K. Santiago Hernández1,2, Duvan Nieves1, Jhayron S. Pérez-Carrasquilla1,3, Paola Montoya1, Manuel D. Zuluaga1, and Mauricio Ramírez1
K. Santiago Hernández et al.
  • 1Early Warning System of Medellín and the Aburrá Valley - SIATA, Metropolitan Area of the Aburrá Valley, Medellín, Colombia
  • 2Environmental School, Engineering Faculty, University of Antioquia, Medellín, Colombia
  • 3Department of Atmospheric and Oceanic Science, University of Maryland, College Park, MD, U.S.
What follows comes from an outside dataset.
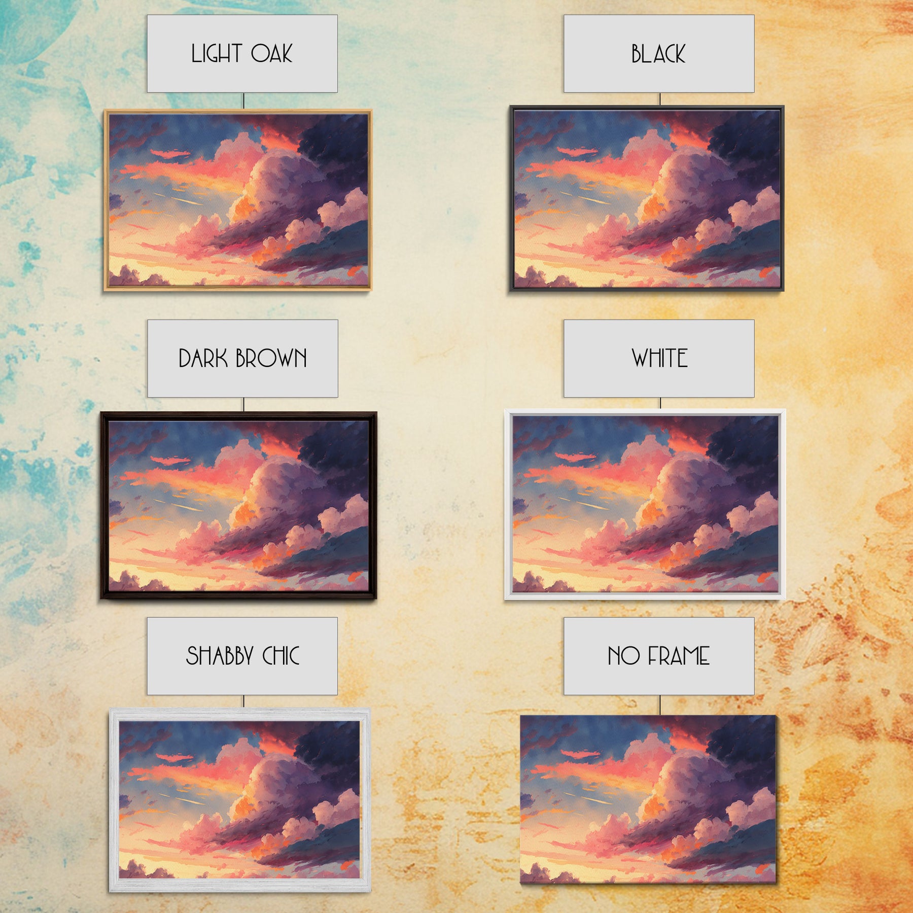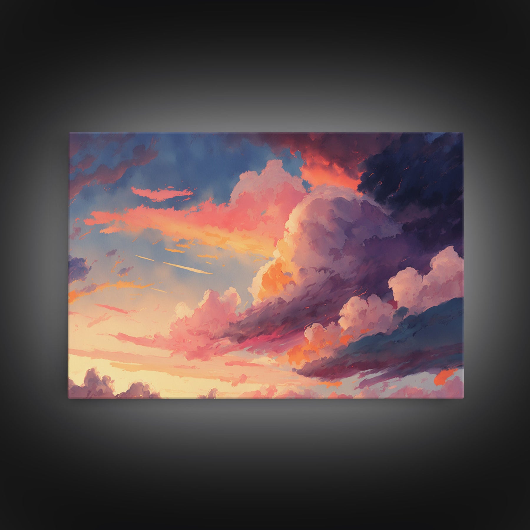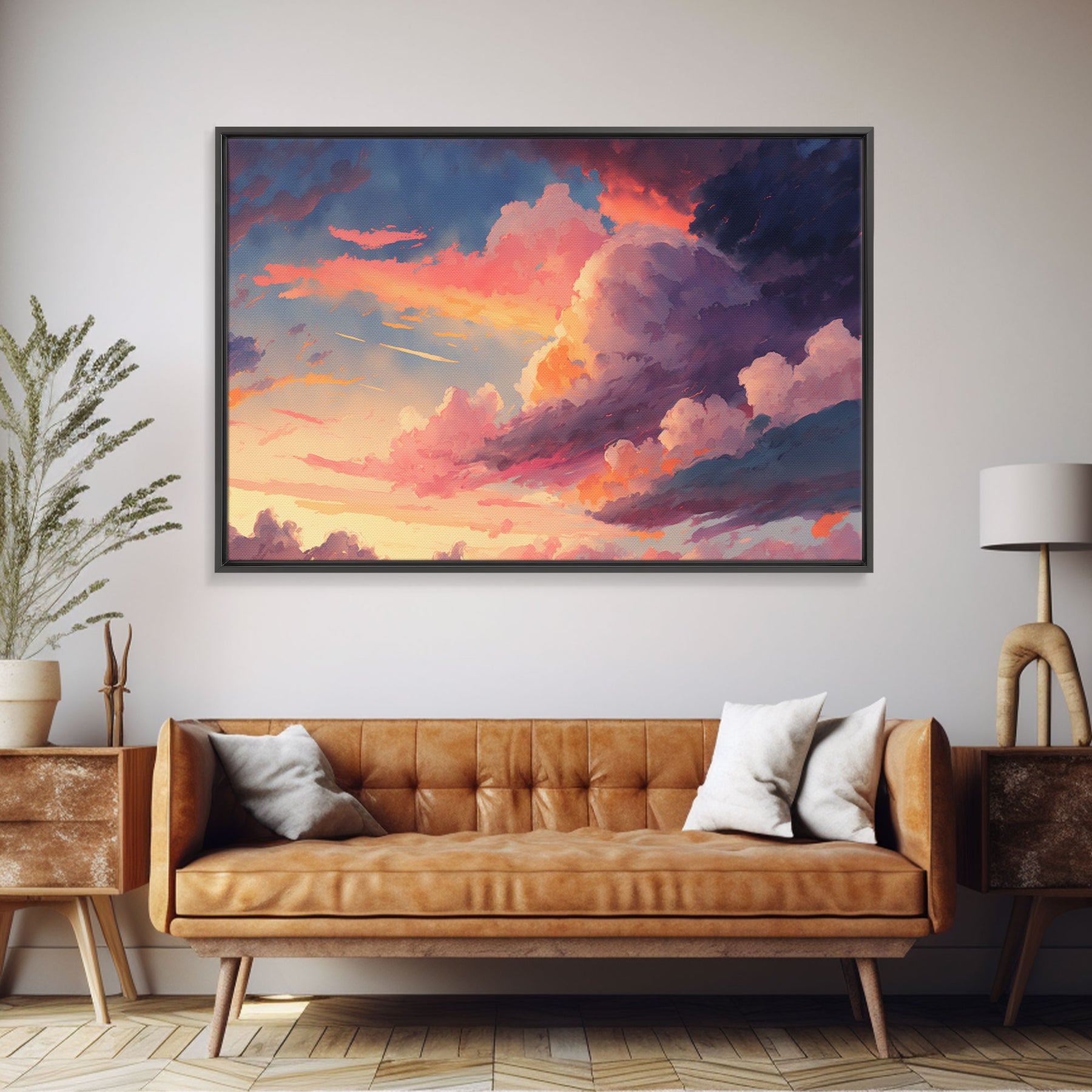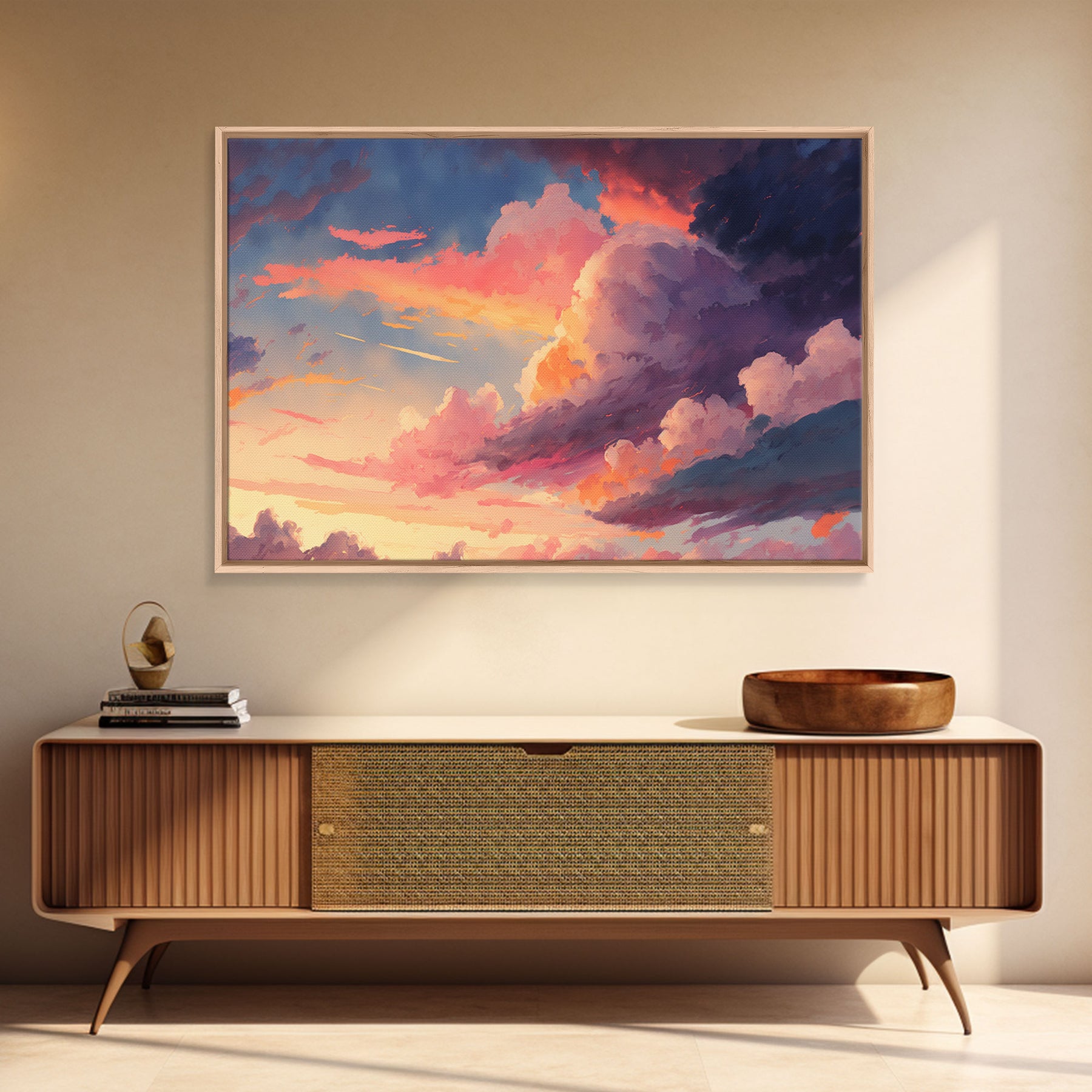 Pink Clouds Sunset Art | Framed Canvas Print | Vintage Style Painting Print | Whimsical Boho Decor | Modern Farmhouse Art

Machine Learning (ML) techniques have acquired great importance for forecasting air pollution events, due to their relatively low computational cost and skillful results within horizons of up to 3 days. In this study, we forecast PM2.5 concentrations measured by low-cost sensors in the Aburrá Valley, a densely populated and complex terrain region in the Colombian Andes. ML models such as Artificial Neural Networks, Random Forest, Gradient Boosting, and Support Vector Regression, were trained for each forecast horizon (up to 72 hours) using data from satellites and global atmospheric models, which are available in other cities with little in-situ information. The information includes 2-meter temperature, boundary layer height, latent heat flux, winds at different levels and precipitation from the Global Forecasting System (GFS); total aerosol optical thickness (AOD), dust AOD, black carbon AOD and sea salt AOD data from the CAMS Global Atmospheric Composition Forecast; and an index calculated from predicted back-trajectories and the fire radiative power derived from MODIS satellite-monitored hotspots, which allows accounting for long-range transport of biomass burning aerosols. As an added value, we investigated the effect of including data from real-time PM2.5 concentrations from low cost sensors, as well as operational forecast information from the Early Warning System of Medellín and the Aburrá Valley (SIATA) with the WRF regional model. The predictions were evaluated across multiple performance metrics and during an air quality special period in which air pollution increases in the region. Our results show that ML-based forecasts perform better than those obtained directly from CAMS. By including real-time measured information, forecast performance significantly improves during the first 24 hours after initialization. In addition, meteorological data obtained from the WRF model are useful for extending the usefulness of the forecasts to longer horizons (2 to 3 days). Since this approach is based on satellite data and global atmospheric models, it can be easily replicated in other cities with scarce in-situ information. Finally, this work highlights the usefulness of these tools for air quality management and serves as a reference framework for the implementation of forecasting tools in other cities with scarce air quality data.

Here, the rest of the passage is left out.